2.1. En el primer cargo, el demandante se refirió a dos supuestas irregularidades: la una, constitutiva de violación del principio de investigación integral, y la otra, del derecho de defensa, que al obrar en una idéntica censura desconoció los principios de autonomía e independencia en casación, así como de prioridad en la formulación de nulidades, por cuanto debió proponerlas en distintos reproches, precisando además cuál tenía que ser la principal y cuál la subsidiaria, puesto que cada una de ellas suscitaba la invalidez de lo actuado en momentos procesales diferentes.
Como si lo anterior fuese poco, el abogado no demostró que cualquiera de las aludidas anomalías procesales afectaba garantías judiciales o menoscababa las bases fundamentales de la instrucción o el juzgamiento. Por una parte, la Corte ha señalado de vieja data, respecto del principio de investigación integral, que su violación «no se produce per se por la no verificación de las citas hechas por el procesado en la indagatoria, la negación de las solicitadas por los sujetos procesales o por no haberse practicado las que fueron decretadas»21 y que la pertinencia, conducencia y utilidad de los medios de conocimiento objeto de reclamo «no deriva de la prueba en sí misma considerada, como lo ha reiterado la Sala, sino de su confrontación lógica con los elementos de convicción que sustentaron el fallo, de modo que se evidencie que, de haberse practicado, la orientación de éste hubiera sido distinta»22. Tampoco se vulnera el principio ante el solo hecho de que la prueba negada u omitida apoyase una de las tantas hipótesis defensivas argüidas en el proceso:
Parece entender el libelista, de manera equivocada, que la garantía de investigar lo favorable al encartado se extiende a tal punto que resulta posible reclamar tantas pruebas como hipótesis defensivas se propongan, lo que en sana lógica haría interminable una actuación procesal en el trámite de las instancias y en esta sede extraordinaria incontables serían las objeciones presentadas por este motivo23.
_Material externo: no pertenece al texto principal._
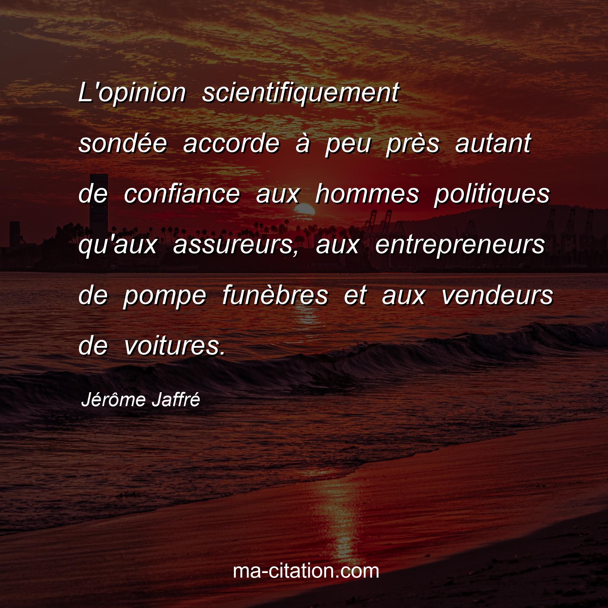 Citation sur la vie de Jérôme Jaffré :L'opinion scientifiquement sondée accorde à peu près autant de confiance aux hommes politiques qu'aux assureurs, aux entrepreneurs de pompe funèbres et aux vendeurs de voitures.

En el presente asunto, el demandante de ninguna forma estableció que la única estrategia de defensa, por lo menos en cuanto a la realidad histórica de la imputación, era la que pretendía demostrar con los medios de prueba que le fueron negados durante la fase instructiva del proceso, en el sentido de que las actividades realizadas por ALFONSO APARICIO CORREDOR QUECÁN como representante legal de Coomulcol (negociaciones de títulos en el mercado bursátil) eran legales.
En efecto, según el cuerpo colegiado, la apelación por parte de la defensa del procesado se circunscribió a (i) la prescripción de la acción penal tanto por el delito de lavado de activos como por la conducta subyacente de enriquecimiento ilícito, (ii) la aplicación del principio de duda a favor del reo en cuanto a la realización del comportamiento imputado y (iii) la dosificación de la pena24.
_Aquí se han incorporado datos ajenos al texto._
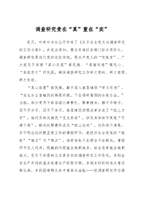 调查研究贵在真重在实近日,中共中央办公厅印发了《关于在全党大兴调查研究的工作方案》,并发出通知,要求各地区各部门结合实际认。调查研究是我们党的优良传统,是共产党人的传家宝。广大党员干部要真心实意察民情、真情实感暖民心、真抓实干纾民困,确保调查研究工作研之有向、研之有理、研之有效。真心实意察民情,勤于深入基层确保研之有向。坐在办公室碰到的都是问题,下去调研看到的全是办法。当前,部分党员干部自诩公事繁忙、繁事缠身,挪不开椅子、迈不开步子、沉不下身子,基层情况顺理成章变成了纸上文字,被问及相关情况支支吾吾,涉及具体细节更是不清不楚,解决问题最终成为纸上谈兵。这些说不清楚,弄不明白的问题正是工作的薄弱环节,是经济社会发展的短板堵点与难点。倘若谁也不去理会不去解决,薄弱环节无人问津,隐藏的问题就会越积越多,社会危害就会越积越大。党员干部要树立求真务实的调查研究工作作风,多到企业生产车间的流水线看生产经营形势,多到乡村田间地头看庄稼长势,多到困难群众家中看柴米油盐……把调查研究作为摸实情、察民情的重要手段。真情实感暖民心,善于问政于民确保研之有理。衙斋卧听萧萧竹,疑是民间疾苦声。当前,部分党员干部下基层调研喜欢高谈阔论,对基层工作指指点点,对基层干部品头论足;导致基层干部群众不愿说、不想说、不敢说,最终听不到基层干部群众的心里话、不能真正了解基层工作真实现状。在调查研究中,要坚持有则改之,无则加勉的态度,不遮掩问题,不回避矛盾。学会从基层干部群众抱怨的问题声音里找到矛盾症结、从复杂诉求中厘清责任清单。知屋漏者在宇下,知政失者在草野。出台的一项政策对不对,方向偏不偏,效果好不好,基层干部群众最有发言权。调查研究者要拿出三人行必有我师焉的谦虚精神,拜人民为师、向人民学习,向基层干部群众询问工作思路和改革措施,分析问题症结所在,找到解决问题的对策和办法。真抓实干纾民困,敢于动真碰硬确保研之有效。一语不能践,万卷徒空虚。现实中,部分党员干部在调查研究过程中发现了问题、提出了对策,形成了一篇看似质量很高的调研报告,并以此获了奖,但如果要追问到底解决了哪些实际问题,却说不出来,这样就失去了调查研究的真正意义。调查就像十月怀胎,解决问题就像一朝分娩。调查研究的最终目的在于解决问题,党员干部要拿出真抓实干的态度和以行之有效的举措,把调研成果转化为整改问题、化解矛盾、推动发展的金点子,做深做实调查研究的后半篇文章,以看得见摸得着的实际行动破解难题,达到研以致用的效果。同时,要形成跟踪监测的长效机制,长期跟进,随时解决出现的新问题,确保调查研究效果经得起历史、组织和群众的检验。

Y, en lo que al tema de la responsabilidad del procesado atañe, si bien el recurrente sostuvo que «la actividad financiera de la Cooperativa halla justificación en el mandato que se le confirió al procesado con la finalidad de cobrar intereses de bonos que fueron legalmente emitidos por entidades financieras y entregados por inversionistas»25, aspecto que pretendió probar con la solicitud que le fuera negada durante la instrucción, también lo es que planteó otras aserciones fundadas en debates de diferente índole probatoria. Por ejemplo, que «no se verificó que ALFONSO APARICIO CORREDOR tuviera conocimiento de la procedencia del dinero a través del cual se constituyeron los títulos»26, o que «el punible de narcotráfico que se asumió como elemento económico a través del cual la Cooperativa aumentó su capital no se encuentra acreditado»27 ni «tampoco el enriquecimiento ilícito»28, e incluso que los informes de policía judicial «no se encuentran ratificados en el discurrir del proceso y conllevan un falso juicio de convicción»29 y que «las pruebas que se recaudaron con expiración de los términos de instrucción se deben excluir de ser valoradas en la sentencia»30.
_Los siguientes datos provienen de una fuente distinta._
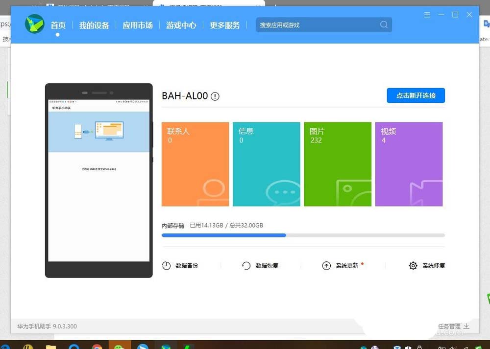 1、電腦端下載安裝“華為手機助手“客戶端,安裝完成后啟動應(yīng)用。
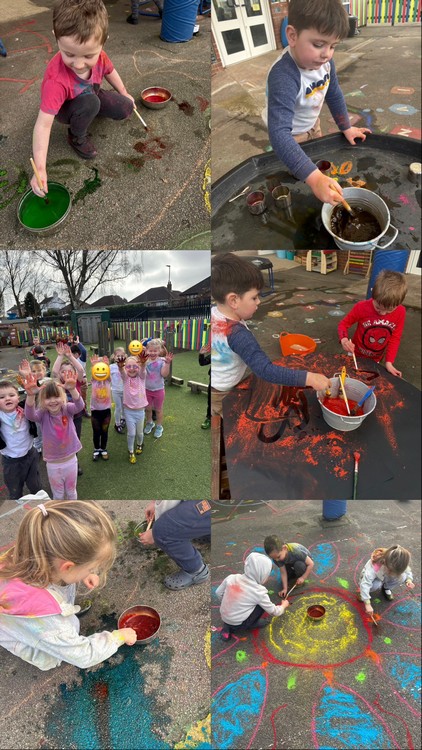 Of course, we celebrated by putting on our spare clothes and getting messy with bright Holi powder ๐จ The children had so much fun making each other super colourful and messy especially Miss Wilson.

Adicionalmente, el profesional del derecho no precisó con argumentos de hecho ni de derecho que la única manera de determinar la legalidad de las actividades empresariales adelantadas por el inculpado era mediante la respuesta de las entidades bancarias que manejaron los títulos valores. Por el contrario, de la lectura del fallo del juez plural, se desprende sin lugar a equívocos que, en opinión del ahora demandante, le legalidad de los actos bursátiles tenía apoyo en los medios de prueba obrantes en la actuación. De ahí que, siguiendo con la segunda instancia, aquél presentó afirmaciones según las cuales «los testimonios ofrecidos por Libardo Bahamón Aguirre y José Niño Gómez […] se compadecen con la teoría del caso de la defensa»31, «[l]a prueba trasladada “ilegal” no enseña relación alguna de QUECÁN CORREDOR con Pablo Roberto Trujillo Devia»32 y «[l]a afirmación consistente en que la cooperativa no desarrolló su objeto social carece de sustento probatorio»33, entre otras.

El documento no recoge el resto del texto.